H.F. Liu, F. Zhou *, M. Yang, X.X. Li and Z.-S. Wu *

Energy Storage Science and Technology, 2026, accepted.

Electrochemical energy storage devices face numerous critical challenges in their widespread applications, particularly under low-temperature conditions, where issues such as electrochemical performance degradation and even device failure frequently occur. Compared with lithium-ion batteries, which store energy via Faradaic reactions, electric double-layer capacitors (EDLCs) exhibit unique potential for addressing low-temperature electrochemical energy storage challenges due to their physical adsorption-desorption mechanism. However, they still encounter numerous obstacles in practical applications. Under low-temperature conditions, the ionic conductivity of the electrolyte decreases and the electrolyte may even solidify, while ion diffusion within electrode materials becomes restricted, severely limiting the electrochemical performance of EDLCs.
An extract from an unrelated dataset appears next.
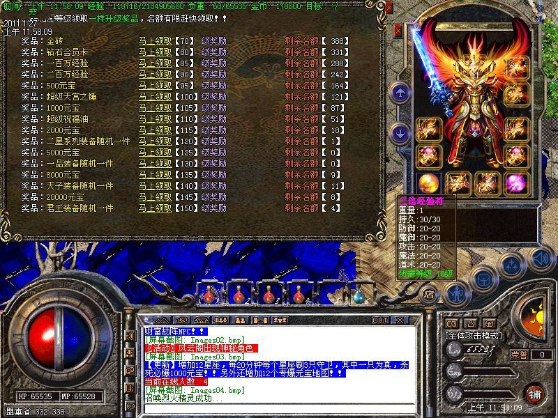 (以攻城当天20-22点服务器最高人数为准),领取地点:沙巴克皇宫之内!

Therefore, designing electrolytes with excellent low-temperature performance, featuring both high ionic conductivity and an ultra-low freezing point, along with developing matching electrode materials, has become critical for advancing low-temperature EDLCs. This review first elaborates on the fundamental working principles of EDLCs and systematically analyzes the key challenges they face in low-temperature environments. Building on this foundation, it provides a discussion of the advantages and disadvantages of various electrolytes, including aqueous, organic, and ionic liquid electrolytes, as well as the design principles for electrolytes and electrode materials. Subsequently, recent research progress in the design of both electrolytes and electrode materials is reviewed. Finally, future research directions for low-temperature EDLCs are proposed, aiming to provide theoretical guidance and technical references for the development of next-generation high-performance low-temperature EDLCs.